10.1007/s00113-014-2700-6

PMID

25519822

Abstract

A 44-year-old man sustained a high-pressure injection injury of the left index finger with hot hydraulic oil in an occupational accident. On presentation to the occupational physician 4 h later the wound was irrigated and cleaned. At this time X-ray diagnostics, wound revision, administration of antibiotics and immobilization were not performed. The following day the patient presented to a hospital with painful swelling and reddening of the left index finger where an emergency surgical wound revision, administration of antibiotics and immobilization of the finger were performed due to a phlegmon of the flexor tendon. Despite subsequent revision operations, necrosis of the flexor tendon sheath occurred with a skin subcutis defect necessitating a full thickness skin transplantation and ultimately operative fusion of the distal interphalangeal joint of the index finger.

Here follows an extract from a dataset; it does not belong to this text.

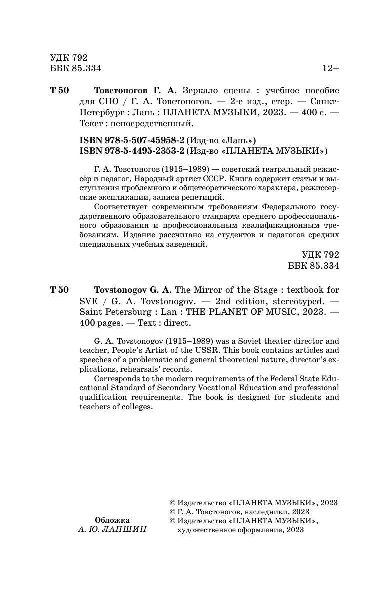 G. A. Tovstonogov (1915-1989) was a Soviet theater director and teacher, People's Artist of the USSR. This book contains articles and speeches of a problematic and general theoretical nature, director’s explications, rehearsals’ records. Corresponds to the modern requirements of the Federal State Educational Standard of Secondary Vocational Education and professional qualification requirements.

After a total period of treatment of 9 months the patient still presented with local soft tissue swelling and paresthesia as well as a limited range of motion of the proximal interphalangeal joint.The patient filed a complaint for wrong treatment of the high-pressure injection injury in terms of an inaccurate examination and lack of administration of antibiotics at the first presentation. The expert opinion of the arbitration board ascertained medical malpractice at the first presentation. An emergency surgical wound revision had already been indicated at the first presentation and the revision procedures would have been less extensive and it was highly probability that surgical fusion of the distal interphalangeal joint could have been avoided. The arbitration furthermore concluded that iatrogenic maltreatment led to a phlegmon of the flexor tendon with the need for subsequent revision operations including surgical fusion of the distal interphalangeal joint which resulted in an affected grip control. The delay in surgical treatment must be considered as the reason for the much worse initial situation that finally led to the functional impairment of the left index finger.